(Data entries)
--- START ---

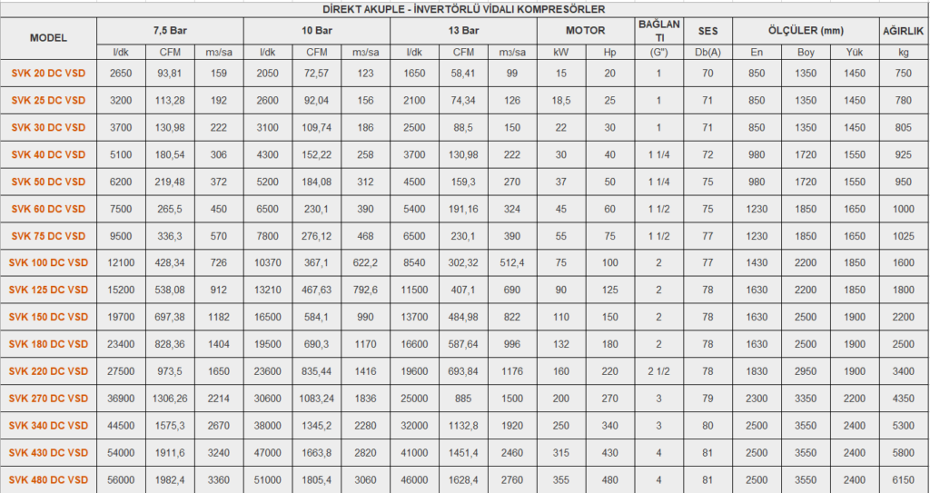 Ürün kodunda “DC” harfleri bulunan modeller Direkt Akuple Vidalı Kompresörleri ifade eder.
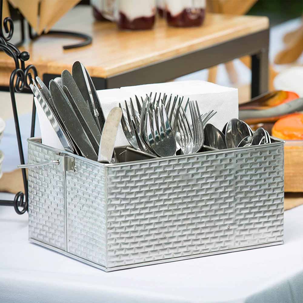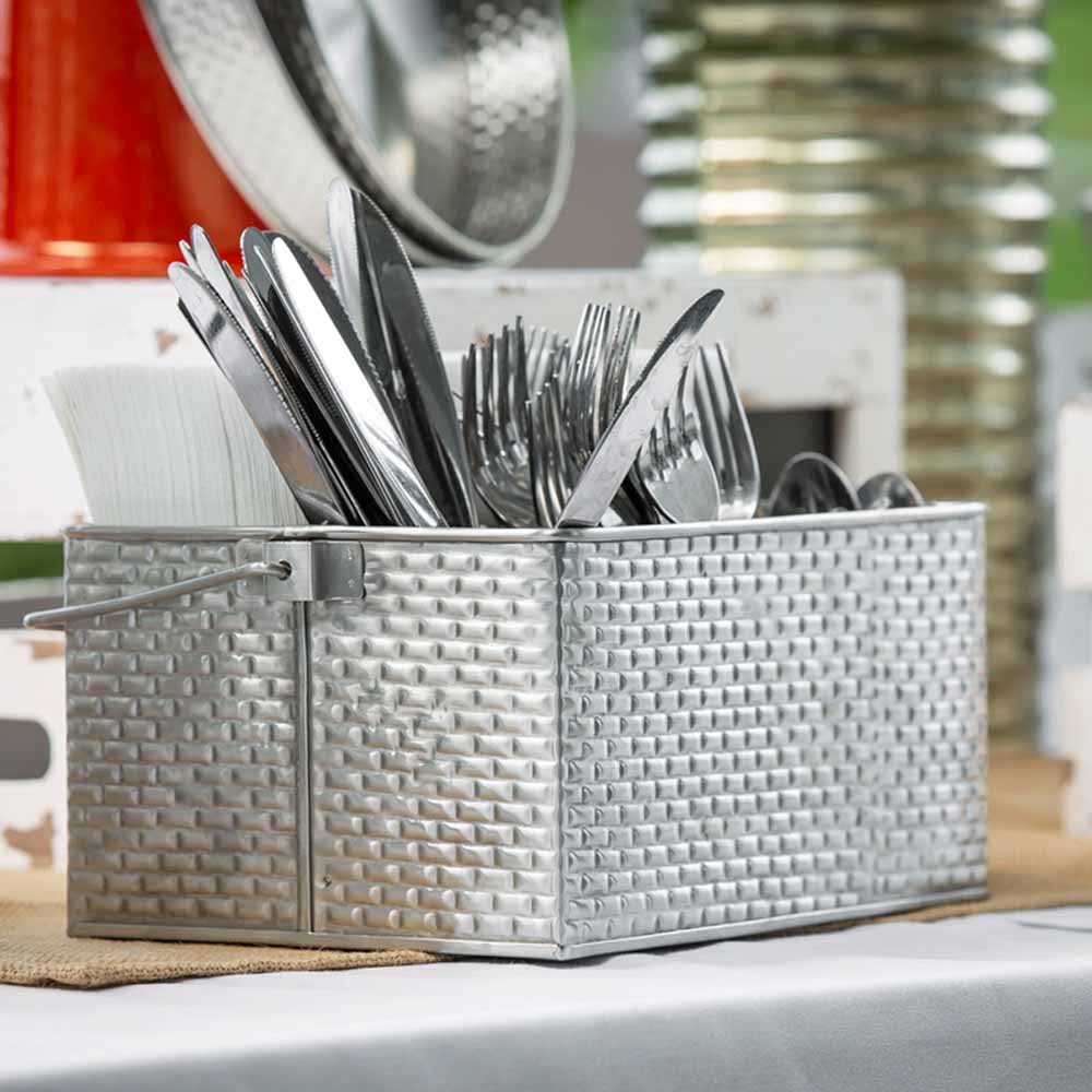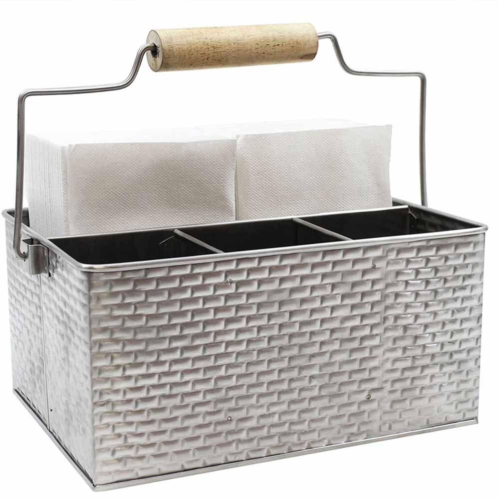 Supersmart & snygg bestickhållare att duka med på bordet eller ställa tillsammans med tallrikar för självplock. Använd bestickhållaren för servetter eller ketchup & såser längst bak, knivar, gafflar & skedar i de tre facken längst fram. Industriell stil som även passar perfekt för restauranger & caféer som dukar fram besticken / bord. Från Amerikanska Tablecraft.
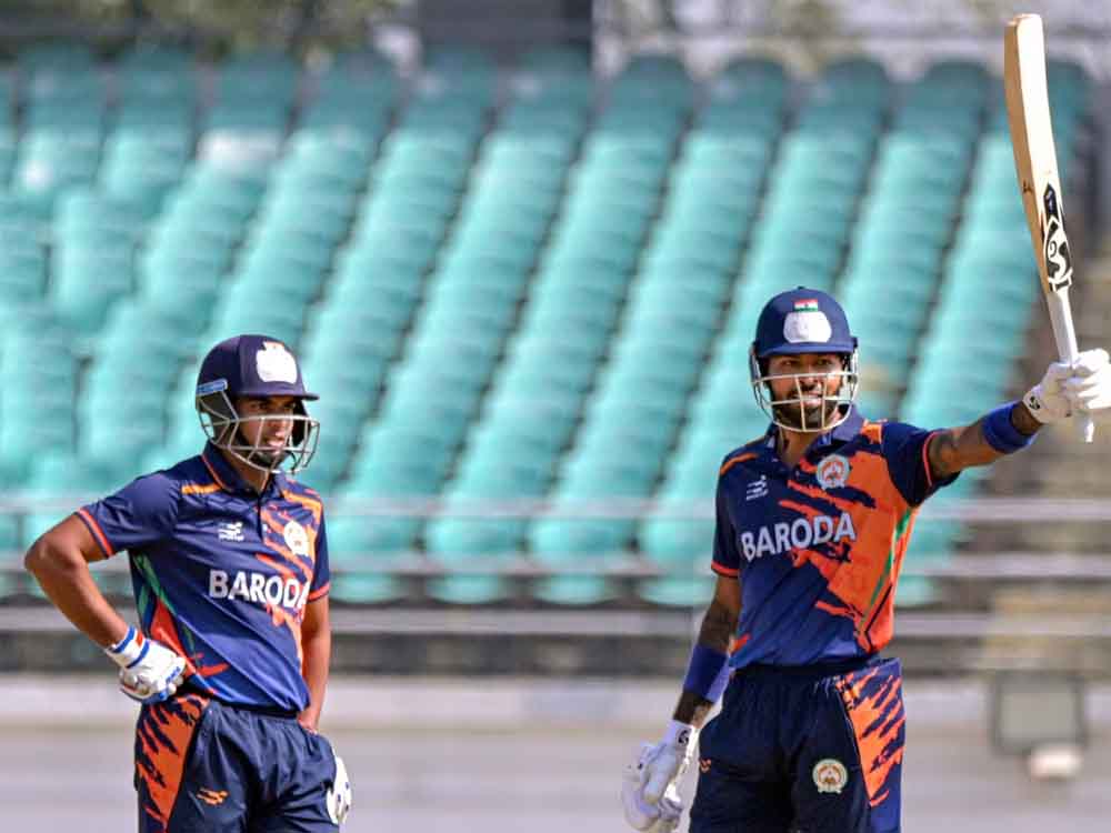 हार्दिक पांड्या ने तीन विकेट लिए, और उन्होंने अपने 10 ओवर पूरे किए। बड़ौदा ने 149 रनों से शानदार जीत हासिल की।
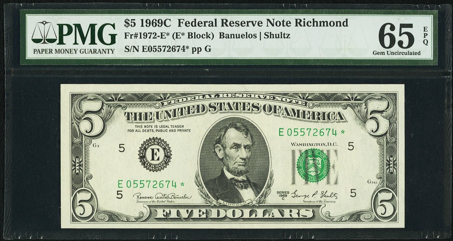 One 1969C $5 Richmond Federal Reserve STAR Note PMG 65EPQ.
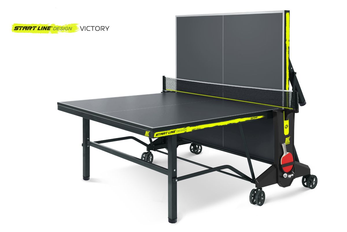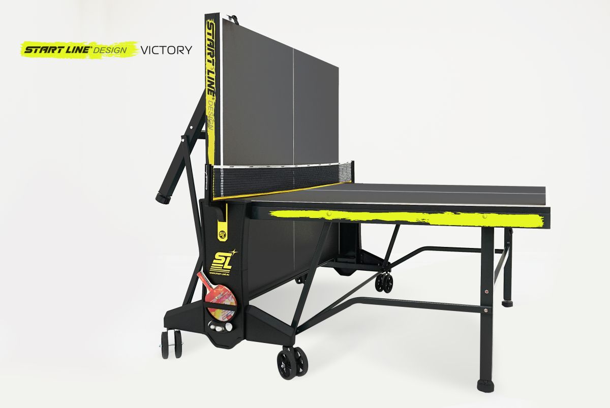 Start Line расширяет линейку своих теннисных столов модельюnbsp;nbsp;VICTORY DESIGN. Высший уровень стиля и качества в мировой индустрии настольного тенниса от российского производителя! Стол дизайнерской линии VICTORY DESIGN имеет непревзойденное качество, а эффектный дизайн однозначно выделяют эту модель из общей линейки нашего теннисного оборудования. Новая разработка выполнена на базе последних тенденций. При создании модели использовались только современные методы построения теннисного стола. Наш опыт, наработанный годами, позволил вывести дизайн и качество продукта на высший уровень. VICTORY DESIGN предназначен для игры в помещении. Его размер соответствует международным стандартам ITTF. Игровое поле выполнено в элегантном цвете графит. Толщина столешницы из высокопрочного лдсп 22 мм обеспечивает равномерный отскок мяча по всей поверхности. Комфортная система складывания стола является собственной авторской разработкой Start Line. Она предусматривает усовершенствованный механизм, позволяющий быстро и надежно закрепить положение стола как в разложенном, так и в сложенном виде. В сложенном виде одной половины столешницы предусмотрен вариант для одиночной игры. Все манипуляции производятся с рабочего места игрока для каждой из столешниц. С такой системой складывания легко справляется один человек, а стол при хранении занимает минимум пространства. Конструкция также предусматривает дополнительную фиксацию в сложенном виде для компактного хранения и безопасной транспортировки стола. Регулируемая высота боковых опор дает возможность установить стол на неровной поверхности. Стол легко перемещать благодаря 4-м сдвоенным прорезиненным маневровым колесам. Каркас и металлические тяги, выкрашенные в эксклюзивный цвет графит, позволяют надежно зафиксировать стол в рабочем положении на любой поверхности, сохраняя столешницу строго в горизонтальной плоскости. Конструкция предусматривает в боковых накладках наличие пенала для хранения мячей и ракеток. VICTORY DESIGN – стол впечатляющего дизайна, эксклюзивной системы трансформации, совершенных игровых и конструкционных характеристик!
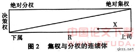 该图也同时表明,上司与下属的心理距离R影响着集权与分权的变动范围。当二者心理距离较小时,连续体的变动范围小,斜线的斜率较大,说明分权的变化幅度大,可以大胆授权;当二者心理距离较大时,连续体的变动范围大,斜线的斜率较小,说明对分权的变化幅度小,授权应较为慎重。
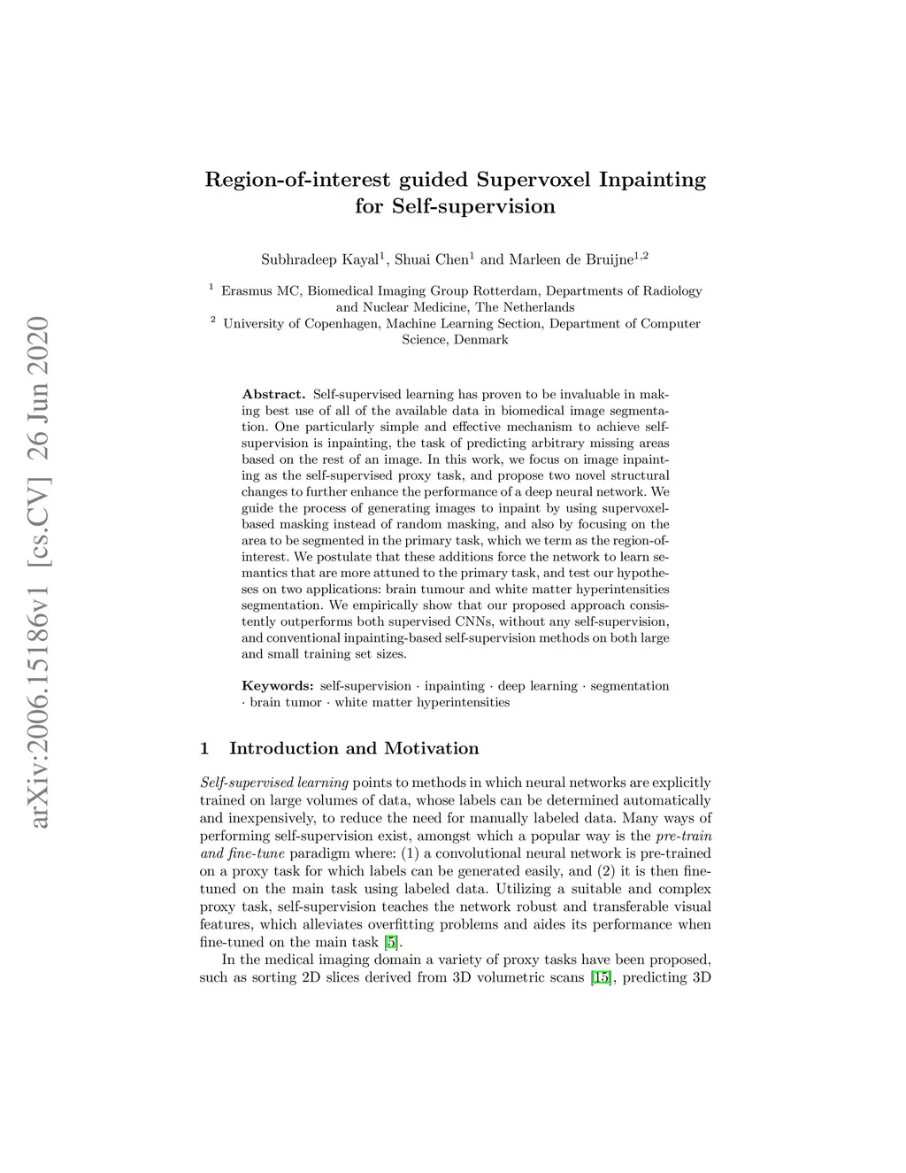 Region-of-interest guided Supervoxel Inpainting for Self-supervision

--- END ---

__What is required__
The records above need to be restated word for word, with the pictures left out.

__Exercise response__
 Ürün kodunda “DC” harfleri bulunan modeller Direkt Akuple Vidalı Kompresörleri ifade eder.
 Supersmart & snygg bestickhållare att duka med på bordet eller ställa tillsammans med tallrikar för självplock. Använd bestickhållaren för servetter eller ketchup & såser längst bak, knivar, gafflar & skedar i de tre facken längst fram. Industriell stil som även passar perfekt för restauranger & caféer som dukar fram besticken / bord. Från Amerikanska Tablecraft.
 हार्दिक पांड्या ने तीन विकेट लिए, और उन्होंने अपने 10 ओवर पूरे किए। बड़ौदा ने 149 रनों से शानदार जीत हासिल की।
 One 1969C $5 Richmond Federal Reserve STAR Note PMG 65EPQ.
 Start Line расширяет линейку своих теннисных столов модельюnbsp;nbsp;VICTORY DESIGN. Высший уровень стиля и качества в мировой индустрии настольного тенниса от российского производителя! Стол дизайнерской линии VICTORY DESIGN имеет непревзойденное качество, а эффектный дизайн однозначно выделяют эту модель из общей линейки нашего теннисного оборудования. Новая разработка выполнена на базе последних тенденций. При создании модели использовались только современные методы построения теннисного стола. Наш опыт, наработанный годами, позволил вывести дизайн и качество продукта на высший уровень. VICTORY DESIGN предназначен для игры в помещении. Его размер соответствует международным стандартам ITTF. Игровое поле выполнено в элегантном цвете графит. Толщина столешницы из высокопрочного лдсп 22 мм обеспечивает равномерный отскок мяча по всей поверхности. Комфортная система складывания стола является собственной авторской разработкой Start Line. Она предусматривает усовершенствованный механизм, позволяющий быстро и надежно закрепить положение стола как в разложенном, так и в сложенном виде. В сложенном виде одной половины столешницы предусмотрен вариант для одиночной игры. Все манипуляции производятся с рабочего места игрока для каждой из столешниц. С такой системой складывания легко справляется один человек, а стол при хранении занимает минимум пространства. Конструкция также предусматривает дополнительную фиксацию в сложенном виде для компактного хранения и безопасной транспортировки стола. Регулируемая высота боковых опор дает возможность установить стол на неровной поверхности. Стол легко перемещать благодаря 4-м сдвоенным прорезиненным маневровым колесам. Каркас и металлические тяги, выкрашенные в эксклюзивный цвет графит, позволяют надежно зафиксировать стол в рабочем положении на любой поверхности, сохраняя столешницу строго в горизонтальной плоскости. Конструкция предусматривает в боковых накладках наличие пенала для хранения мячей и ракеток. VICTORY DESIGN – стол впечатляющего дизайна, эксклюзивной системы трансформации, совершенных игровых и конструкционных характеристик!
 该图也同时表明,上司与下属的心理距离R影响着集权与分权的变动范围。当二者心理距离较小时,连续体的变动范围小,斜线的斜率较大,说明分权的变化幅度大,可以大胆授权;当二者心理距离较大时,连续体的变动范围大,斜线的斜率较小,说明对分权的变化幅度小,授权应较为慎重。
 Region-of-interest guided Supervoxel Inpainting for Self-supervision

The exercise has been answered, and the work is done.